A mente trabalha o dilema “será que eu estou fazendo a coisa certa?” “Será que eu deveria ter esperado mais um pouco?”, e é só o começo de uma guerra entre o racional e o emocional.Tento me concentrar num exercício de relaxamento qualquer.Mas a tentativa é inútil, nada, eu disse NADA, me relaxaria ali.O racional ganhou a guerra e imediatamente começou a me enviar mensagens negativas de que aquilo era um absurdo, que eu não deveria mesmo estar ali e que eu era uma idiota.Tá bom!!A parte de que eu era uma idiota foi a única coisa que eu concordei com ele, pois quem me olhasse naquela hora saberia que eu não parecia com mais nada além de uma idiota.Apenas uma idiota tem cara de idiota.Minha cara era de idiota.Só uma idiota fica sem jeito como eu fiquei.Só uma idiota chama alguém pra conversar e não sabe o que vai conversar.Só uma idiota não consegue entender o que se passa dentro dela mesma.Definitivamente, EU SOU UMA IDIOTA!Tá bom!!Chega!
A conversa não era sobre o tempo, mas eu não resisti a falar sobre o frio.Era melhor falar do frio do que não falar.E eu precisava exercitar a mandíbula para não paralisar diante de tamanha tensão.
A minha maior raiva não era parecer uma idiota.A minha maior raiva era ver que ele não estava parecendo um idiota.Ele respondia às minhas perguntas como se estivesse conversando com o irmão na sala de casa, sem formalidade e sem medo algum de gaguejar.Já eu??Eu parecia mesmo estar precisando marcar uma consulta com o fonoaudiólogo.
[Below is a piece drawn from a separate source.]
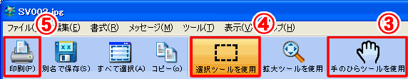 [手のひらツールを使用]ボタンをクリックし、続いて画像をドラッグして隠されている部分を表示します。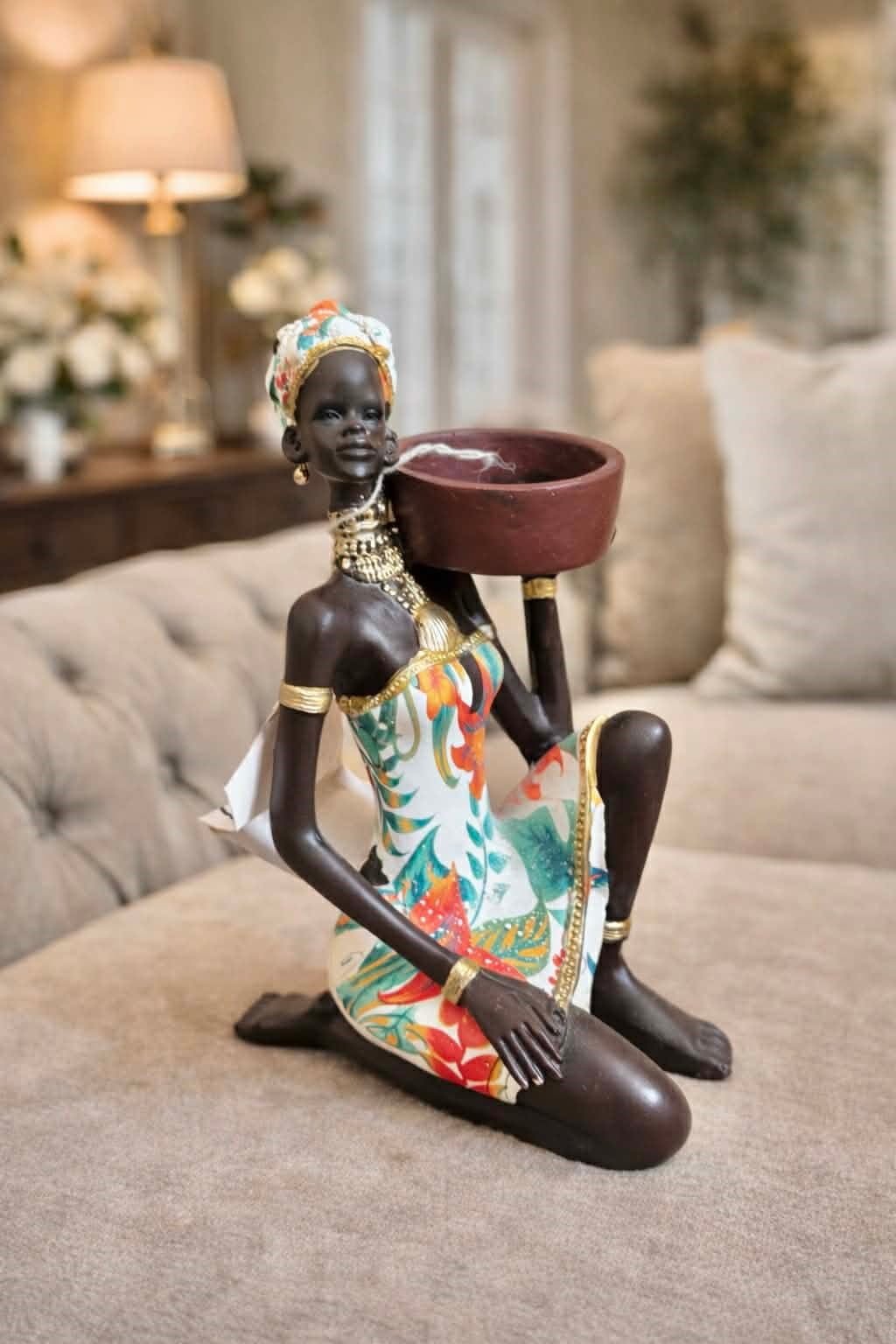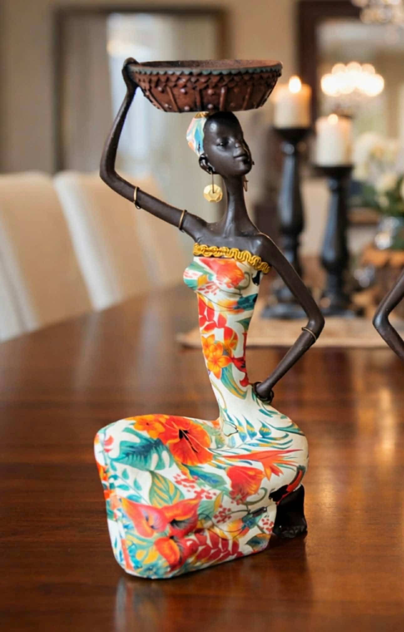 - Design: These figurines often represent African culture through traditional attire, jewelry, and headscarves. Some designs specifically feature women carrying bowls or vases on their heads, which function as holders for tealight candles.

Não parava de gaguejar.Minha raiva só perdeu em tamanho para o meu medo de que esse comentário saísse da boca dele.
Um verdadeiro terremoto acontecia dentro de mim e eu não via ninguém que pudesse se responsabilizar pelos danos que ele deixaria.Só de pensar que eu busquei aquela situação já me fazia esquecer o medo e deixar a raiva com a maior intensidade na graduação de sentimentos dentro de mim naquele momento.
O sorriso tranqüilo dele deveria me acalmar, mas me irritava.NOSSA, nunca pensei que aquele sorriso pudesse me irritar um dia, mas me irritava muito.Eu disse MUITO. Como ele podia sorrir tão tranquilamente diante daquele episódio??Eu estava na frente dele querendo conversar e ele não mostrava qualquer tipo de reação que expressasse ansiedade, o sorriso dele era TRANQUILO. MEU DEUS, ELE SORRIA CALMAMENTE enquanto eu me acabava em tensas tentativas de iniciar o assunto .Assunto??Qual assunto ? ?
Eu nem sabia o que eu queria com ele ali.Talvez eu soubesse, só não conseguia expressar isso pra mim mesma.Talvez olhar ele durante aqueles poucos minutos,observar cada linha de expressão do seu rosto, cada piscada natural de olhos, cada gesticulação que ele viesse a fazer…Talvez esse fosse o assunto pelo qual me fez convidá-lo para aquela “conversa”.Eu precisava mesmo saber se ele era de verdade,se ele existia e não iria voltar para o “mundo longe” dele por agora.Saber também se ele aparecia muito por essas bandas de cá do espaço.Precisava mesmo saber se ao abraçá-lo ele não iria evaporar e fazer com que meu abraço fosse em mim mesma.Na verdade o assunto existia e era de grande importância, digamos que de EXTREMA urgência.Na verdade eu precisava mesmo saber se ele respirava como todo mundo,pois cresci sabendo que anjos não respiram.